Wanda Jean Allen, Oklahoma, wird 1989 wegen des Mordes an ihrer schwarzen Lebensgefährtin verurteilt. Sie hatte sie kennen gelernt, als sie im Gefängnis saß, verurteilt wegen Totschlages an ihrer ersten Lebensgefährtin. Die Verwandten der Toten beschreiben sie im Prozess als die »Männliche, Brutale«. Am 11. Januar 2001 wird sie hingerichtet.

Leben im Todestrakt
Vor der Hinrichtung – zwischen Urteil und Vollstreckung, liegt das Leben im Todestrakt, in den USA sind das durchschnittlich acht Jahre on death row. Da in einigen Staaten jeweils nur eine einzige Frau zum Tode verurteilt ist, heißt das zwangsläufig Isolationshaft. So ist zum Beispiel Robin Lee Row seit 1993 in Idaho isolierte Insassin. Sie hört zwar andere weibliche Gefangene, ihr ist es aber verboten mit ihnen zu sprechen.
Überall sind Ganzkörperdurchsuchungen üblich, wie sie Pamela Lynn Perillo in Texas beschreibt: »Wir werden nackt durchsucht, sechs bis acht mal am Tag, obwohl wir das Gebäude niemals verlassen und meistens in unseren Zellen sind. Wir werden nackt durchsucht bevor wir für eine Stunde am Tag die Halle betreten dürfen, und wir werden wieder durchsucht bevor wir in unsere Zelle gehen. Wir werden vor dem Duschen durchsucht und – obwohl uns die ganze Zeit ein Officer nicht aus den Augen lässt – nach dem Duschen auch. Sie durchsuchen uns, wenn sie unsere Zellen durchsuchen, und das tun sie jeden Tag. Manchmal auch zwei oder dreimal am Tag oder in der Nacht, jederzeit.«
23 Stunden Einschluss in der Einzelzelle, Anstaltskleidung, kein Fernsehen, kaum Zeitschriften, mit Plexiglas verhängte Zellenfenster – das heißt nie mehr ein Blick auf den Himmel, keine Telefonate, Besuche ohne Kontakt (Vorher und Nachher Ganzkörperdurchsuchungen!) sind einige weitere der Lebensbedingungen on Texas death row – dort sitzen zur Zeit acht Frauen.
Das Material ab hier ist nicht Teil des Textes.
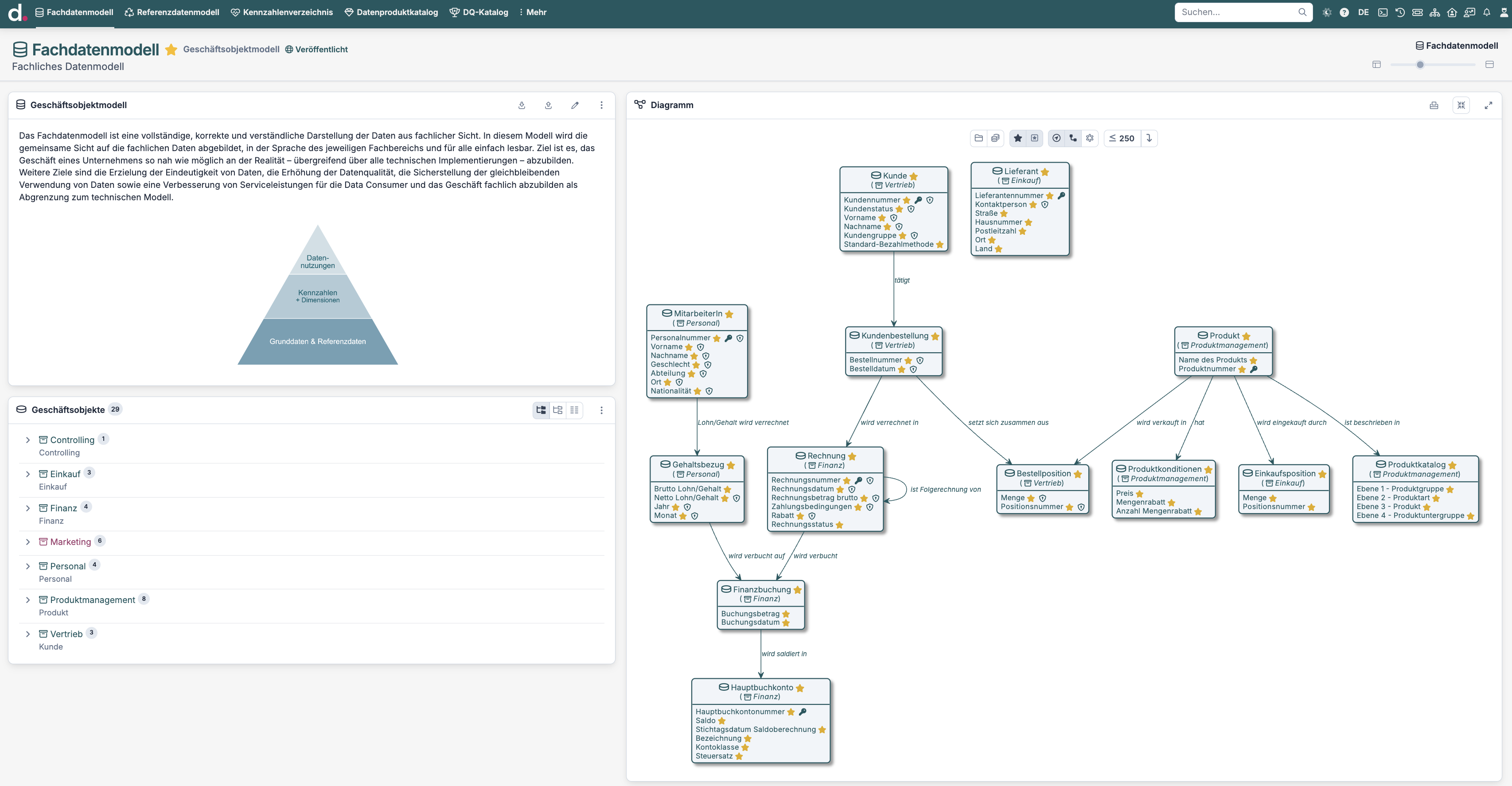 Umfangreiche und klare Darstellung der Datenlandschaft des Unternehmens.
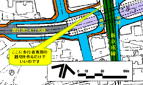 この問題を解決するためには、まずは踏切を復活させることが必要だと思います。それは立体交差を壊して元とおりにするということではなく、単に歩行者専用の踏切を設置することです。現在の線路位置、道路位置からも、また、コスト面からも十分可能な措置と考えます。

Pamela erzählt mir, dass sie in ihrem neuen Gefängnis, zusammen mit 40 Frauen in einer Art Gemeinschaftszelle – wo also viel mehr Austausch, Handel, Schmuggel möglich ist, viel weniger körperdurchsucht wird.
In den USA wird heute meist mittels tödlicher Injektion hingerichtet. Aber auch der elektrische Stuhl ist noch üblich. In manchen Staaten können Verurteilte noch andere Hinrichtungsmethoden »wählen«: Gaskammer, Erhängen, Erschießen.
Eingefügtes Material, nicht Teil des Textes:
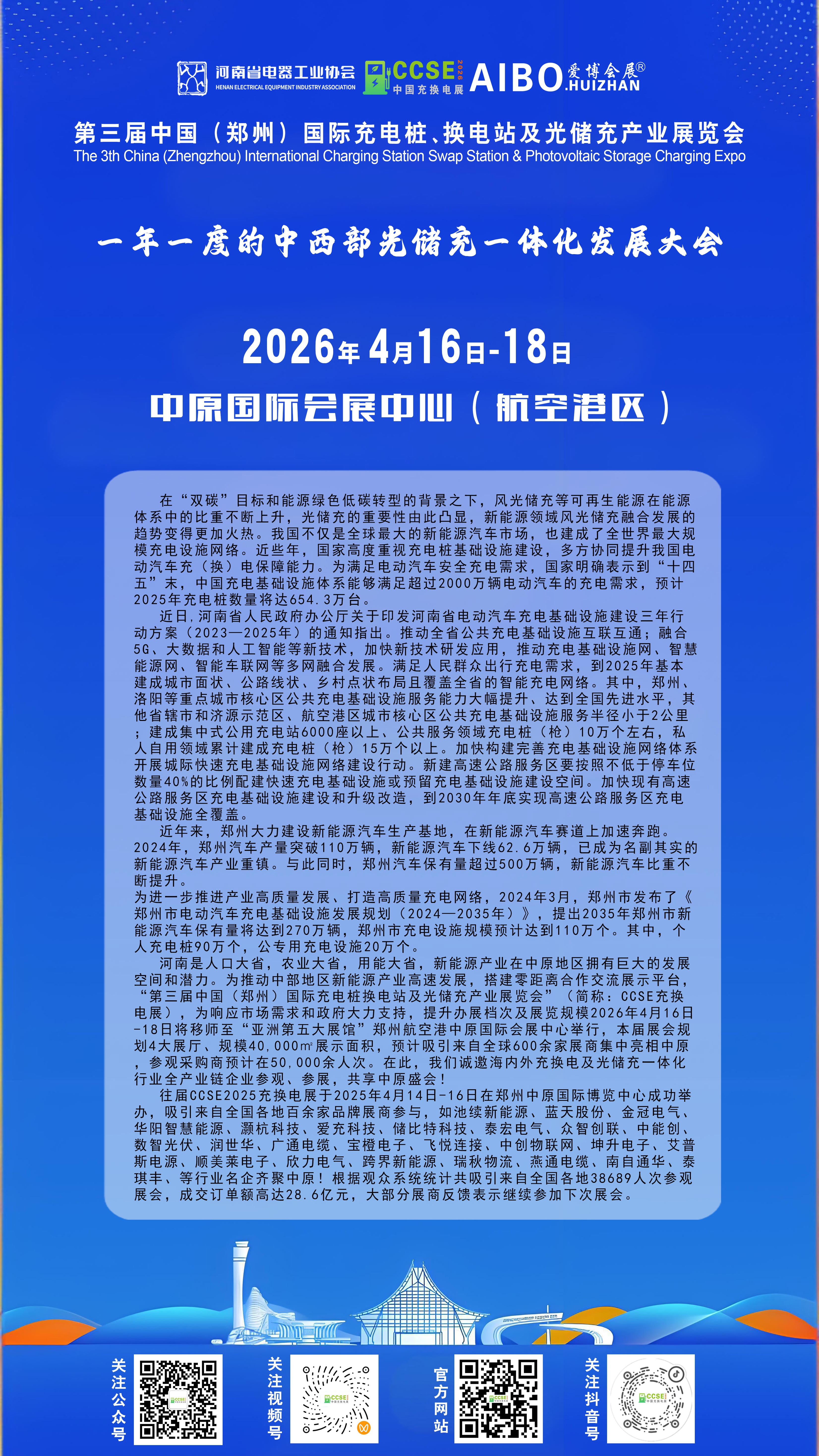 河南是人口大省,农业大省,用能大省,新能源产业在中原地区拥有巨大的发展空间和潜力。为推动中部地区新能源产业高速发展,搭建零距离合作交流展示平台,由河南省电器工业协会、北京爱博国际展览有限公司联合主办的“第三届中国(郑州)国际充电桩换电站及光储充产业展览会(简称:CCSE充换电展)”,为响应市场需求和政府大力支持,提升展会档次及办展规模2026年4月16日-18日将移师至“亚洲第五大展馆”郑州航空港中原国际会展中心举行,本届展会规划4大展厅、规模40,000㎡展示面积,预计吸引来自全球600余家展商集中亮相中原,参观采购商预计在50,000余人次。在此,我们诚邀海内外充换电及光储充一体化行业全产业链企业参观、参展,共享中原盛会!

Köpfen, bis zur Abschaffung der Todesstrafe 1949 in Deutschland die bevorzugte Methode des staatlichen Mordes, gibt es in den USA nicht. Jede Zeit hat ihre angeblich fortschrittlichen Tötungsmethoden. Anfang des Jahrhunderts, als die Elektrizität Zeichen von Fortschritt und Modernität war, hatte der elektrische Stuhl seinen Siegeszug. Heute verhilft er manchen Verurteilten zu einer »Galgenfrist«, da sie vor der anberaumten Hinrichtung klagen, der elektrische Stuhl sei unmenschlich und grausam und verstoße damit gegen die amerikanische Verfassung.
Judy Buenano wurde 1985 in Florida wegen Mordes an ihrem Ehemann verurteilt. 1990 klagte sie mit eben genannter Begründung gegen ihre für das gleiche Jahr anberaumte Hinrichtung – in Florida war der elektrische Stuhl damals die einzige Exekutionsmethode. Einen halben Tag vor der Hinrichtung wurde ihrer Klage stattgegeben. Später wiederrief ein Gericht den Einspruch – Am 30. März 1998 richtete Florida Judy Buenoano schließlich hin – auf dem elektrischen Stuhl. Zwölf Minuten nach Beginn der Exekution wurde sie für tot erklärt.